Wednesday, January 16, 2013

A Simpler Way to WAR (long post)

Since discovering Wins Above Replacement, I've had basically two ambitions:  one, to create an uber-stat which I could use to combine peak and career weight when having a Hall of Fame discussion.  I believe I've already done that with WARSCOR, particularly in its new revision (though it's admittedly much more convoluted than the Hall of Stats or JAWS methodologies).  The second goal I've had is to make calculating WAR a simpler process.  In other words, to be able to calculate it myself quickly and efficiently.  Well, I'm here to say that, while I haven't quite "done it," I've gotten much, much closer.  I now have a very good (and reasonable, I think) way to calculate WAR for offense and for pitching.  Defense, not so much, but that's okay (and we'll explore what that might look like, if there ever were such a thing, at the end of this post).  This is a start.  It doesn't really do that, but it does give you a way to compare offensive players to pitchers by giving them a "won-lost" record which matches up with a pitcher won-lost record - in other words, there are 162 decisions for the pitchers, but also 162 "decisions" for the hitters.

You may recall my last post that I used ERA+ to give relievers a "record."  Well, we're not going to worry about Fibonacci wins like I did in that post (though you'd certainly be welcome to play with them, if you feel like it).  But the rest of the methodology stays the same, pretty much.  Except that now, we're going to be comparing to replacement level.  So, what is a reasonable replacement level?  How about, just picking something out of the air, .310?  If you'd like to use something different, you're welcome to it.  Just follow the same steps, only with a different product side of the equation.  We have to find out that, if a team's run prevention and run scoring are equally bad (compared to average), what would they be for a .310 winning percentage?  The equation looks like this:

           (100-x)^2                     -     31
(100-x)^2 + (100+x)^2           -    100

100(100-x)^2 = 31(100-x)^2 + 31(100+x)^2
69(100-x)^2 = 31(100+x)^2
69(10000-200x+x^2) = 31(10000+200x+x^2)
690000-13800x+69x^2 = 310000+6200x+31x^2
380000-20000x+38x^2 = 0

Solve that equation, and you get (roughly) 20.  Actually, using 20, you get a winning percentage of .307, but that's good enough for me.

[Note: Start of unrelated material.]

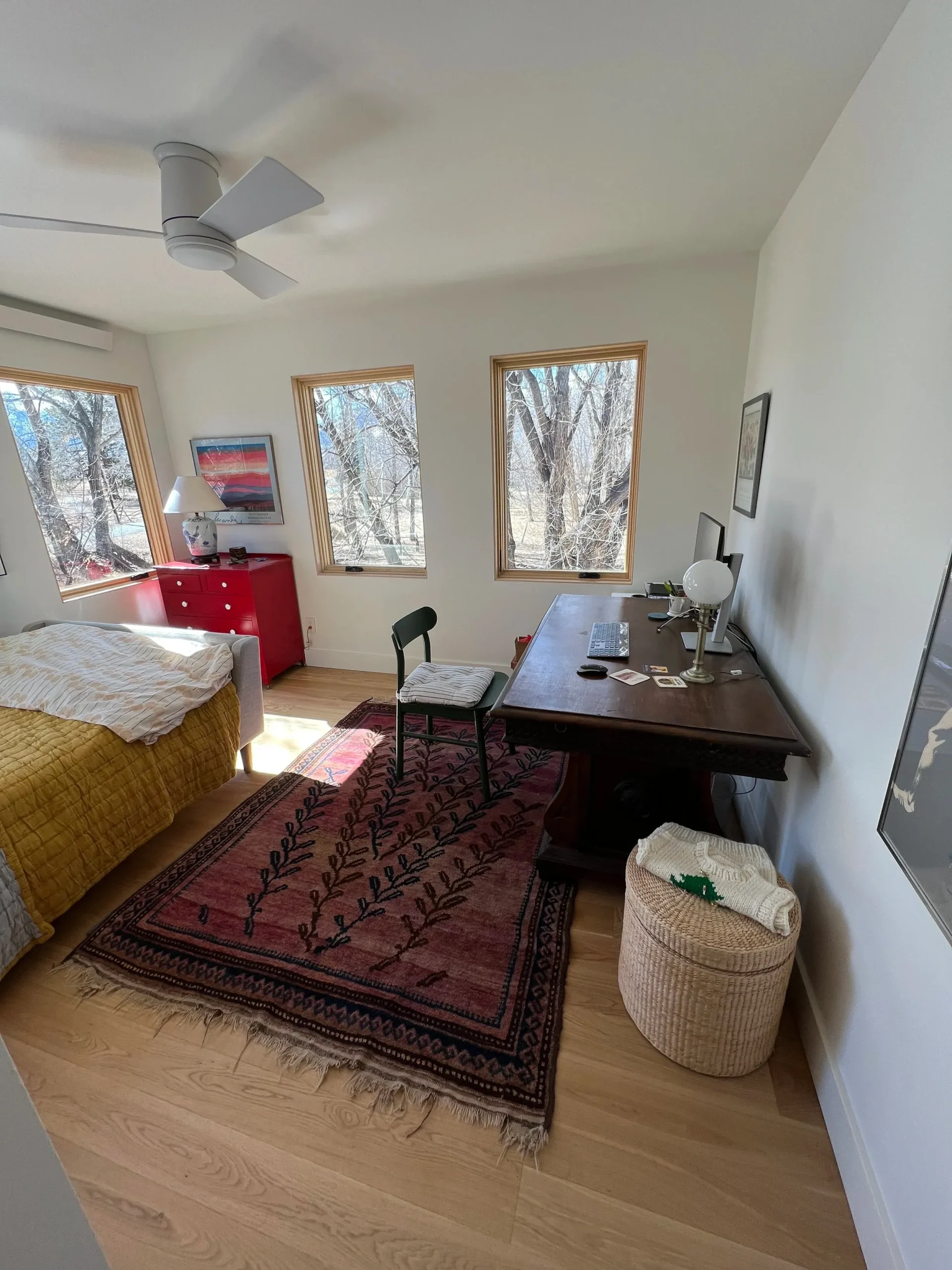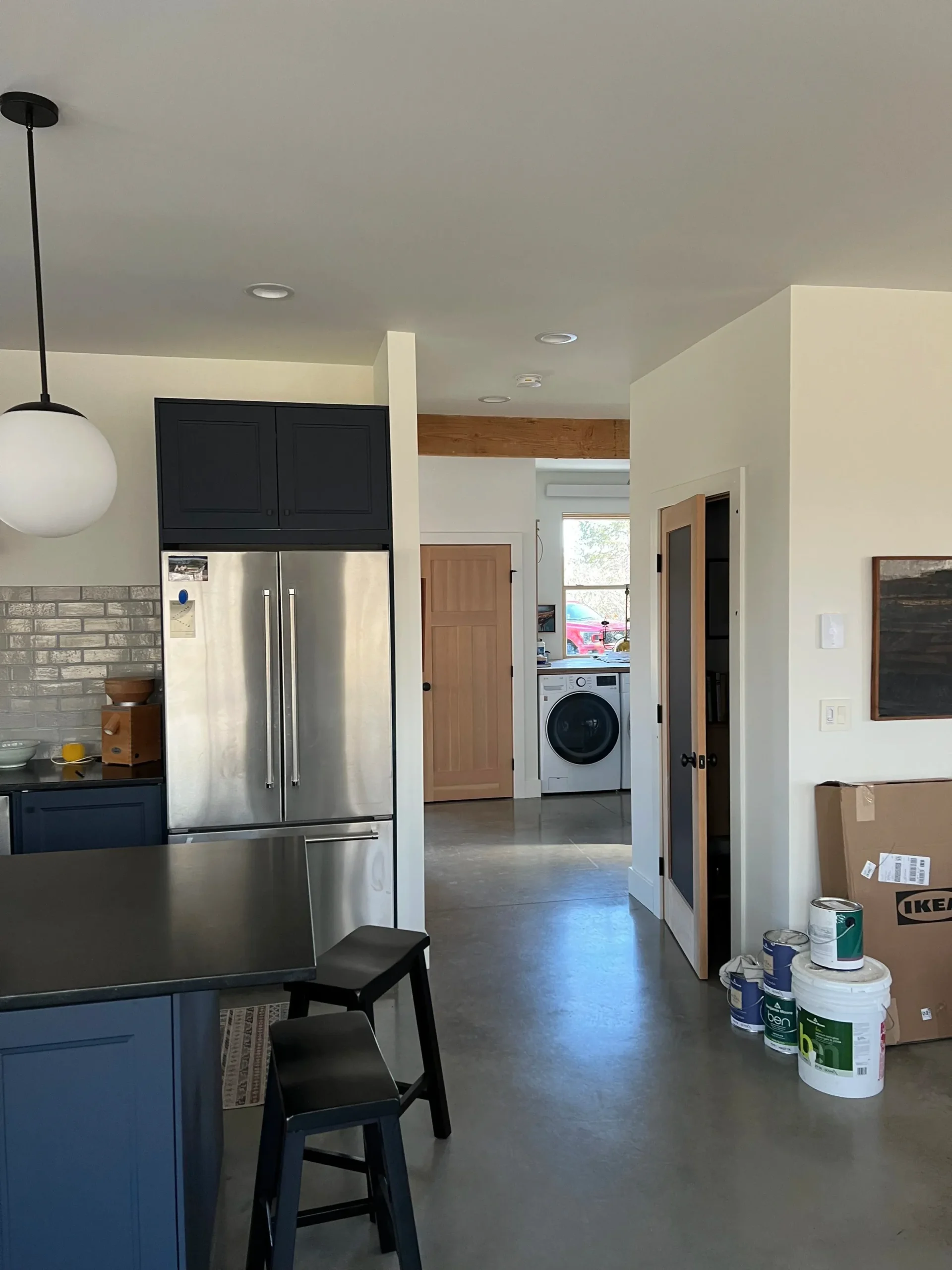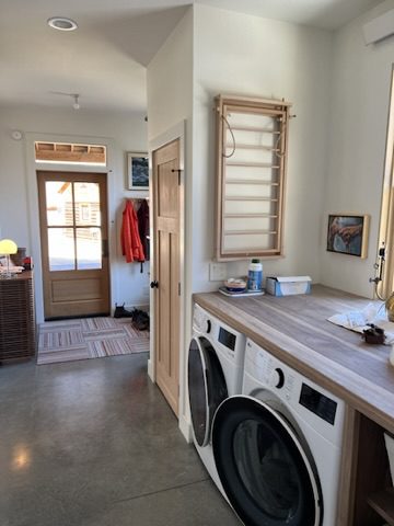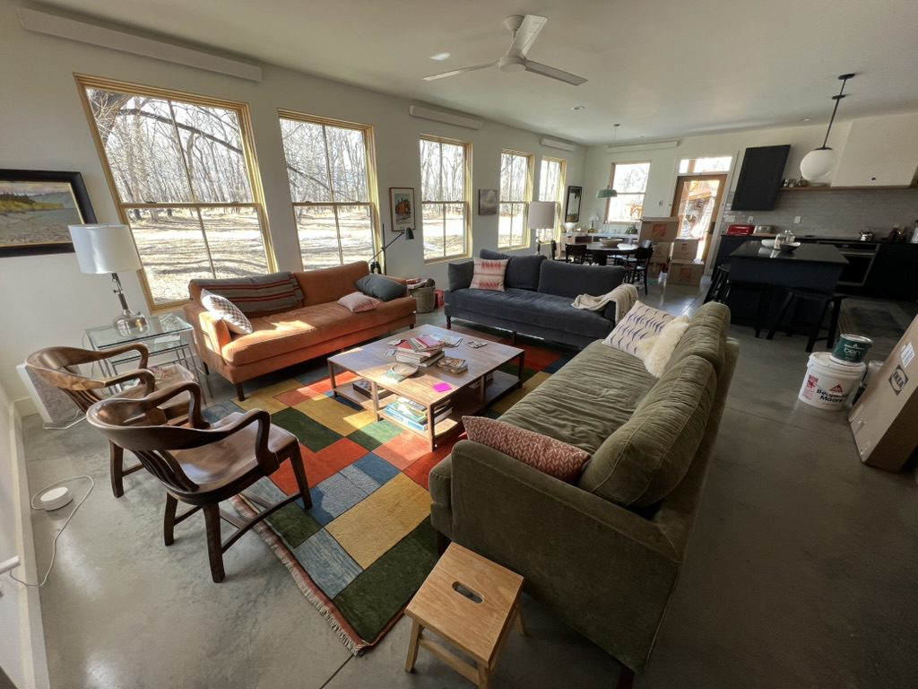 This home is nestled into a beatiful meadow overlooking grass, trees, and fields beyond. Featuring a polished slab-on-grade concrete floor, all-electric design with solar panels, 3 bedrooms, and 2.5 bathrooms. High-grade windows, custom built-ins and tile work brought this home across the finish line.
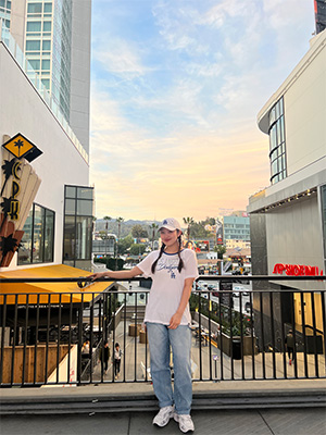 授業以外でも英語力とコミュニケーションへの理解を深めるため、経験を積極的に重ねました。2年次で参加した海外インターンシップ(インターン)も大切な思い出です。大学の国際センターが主催するプログラムで、私はロサンゼルスのNPOが運営するフードバンクで約1か月運営サポートを行いました。食材の仕分けや利用者への配布作業を通じ、サポートメンバーやフードバンクの利用者など、さまざまな文化背景を持つ人々と出会いました。その中で「日本へ旅行してみたい」という方に「ダイレクトに日本を感じたいなら、やはり浅草がおすすめ」とお伝えして喜ばれたことがあります。相手の笑顔を見たときはとても嬉しく、日本の魅力をもっと上手に伝えたいという思いが芽生えました。

So, basically, since we have measures that can tell us how to compare players to average (where 100 is average) that are consistent (if not perfectly linearly related) to run scoring, we can actually tease out individual records from this exercise.  We want to know what a player would be like if he were on an average team.  We could actually do it with a replacement-level team instead, but average will work fine well.

So now, for pitchers, we figure out the record.  It's easy:  divide the number of innings pitched by 9.  This will be the number of decisions.  Then take 10000/(ERA+) [or, alternately, just use ERA-, which needn't be adjusted].  Take this number and insert it for "x" in this formula:

    100^2     
100^2 + x^2

Now, multiply by the number of decisions.  This gives you a number of wins.  You can get "losses" by subtracting wins from decisions, if you felt so inclined.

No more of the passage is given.